This is the latest entry in a series that examines business buzzwords, helps readers understand them and offers alternatives.

You are about to use a popular business buzzword in your report when you realize you don't really know what it means. Or where it comes from. So you begin to get nervous that someone might dare you to define the expression.

When this happens, my best advice is to skip the fuzzy buzzword and say what you have to say in plain English. But if you are stubborn and like the way the buzzword sounds, here are some crib notes that might help you sound more plausible than your challenger.

Paradigm shift

I don’t know about you, but I have hated the expression "paradigm shift" from the first moment I saw it. For one thing, it doesn't sound the way it’s spelled. And when properly pronounced, it made me think of two coins — a pair of dimes — an image that has nothing helpful to add in terms of meaning.

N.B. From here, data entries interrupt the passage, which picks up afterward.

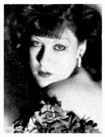
Gertrude Niesen, exotic young singer and impersonator. On the CBS Saturday at 10:45 p. m. and with Columbia Revue Monday and Friday at 10 p. m. EST.

Radio receivers made for operation on 110-volt electric lines are equipped with filter devices. But these are particularly for the purpose of smoothing hum and ripple from the rectified current within the set so as to make the set humless. But such filters are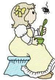
File: LittleMissMuffett.pes Stitches: 5276 Size: 2.68x3.91 "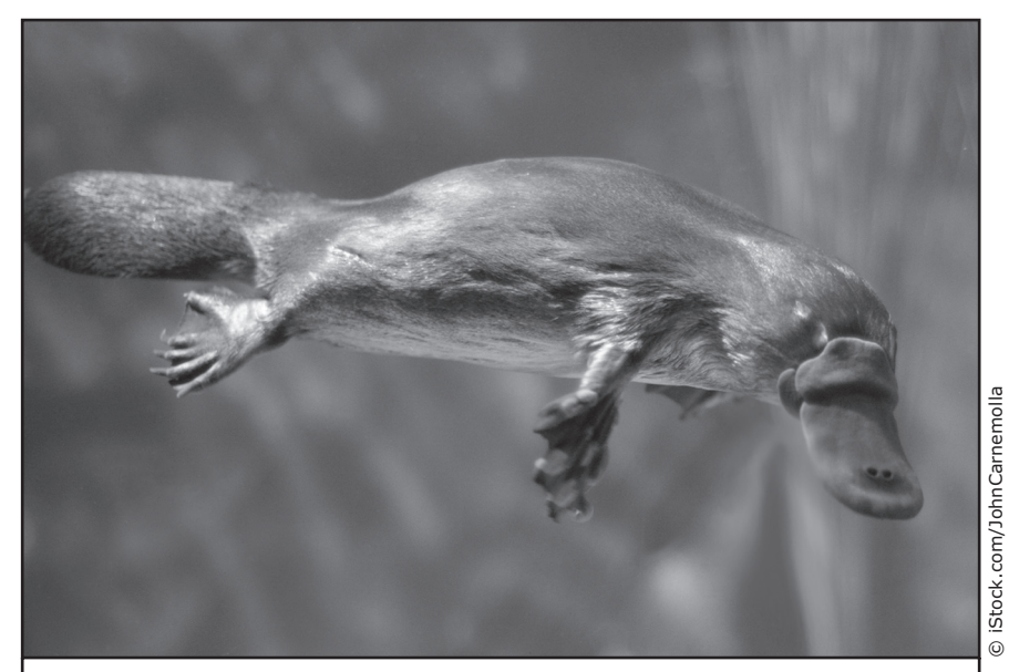
The platypus spends a lot of the day in the water.

In Australia there is a small, furry, brown animal that lives in lakes, rivers, and streams. It looks a bit like an otter but appears to have a duck's bill and a beaver's tail. When it walks on land, it waddles from side to side like a large lizard. The platypus is so odd looking that the first time English scientists saw it, they thought someone was playing a trick on them.

Then there's the "shift" part; I didn’t know what a "paradigm" was, much less why it might be shifting gears.

Like a lot of troublesome terms, you can blame the ancient Greeks. Their word, "paradeigma," meant "to show side by side." Today, it means an example or pattern, so why not say, "We’re going to shift our thinking," or "Let’s change the way we look at this process?"

Synergy

Another of those hard-to-spell, no-clue-what-it-means buzzwords is “synergy." Is this some sort of synthetic energy? No, it’s the increase in effectiveness when two or more people or businesses work together.

Greek origin, again! "Synergos," working together. I think it would be better to be specific about what operations or processes two parties expect to make more effective, and to what degree, rather than a vague "synergy."

Cloud

Talk about a fuzzy word, what could be fuzzier than "cloud?" Yet, it is billed as the coolest of the cool in information technology.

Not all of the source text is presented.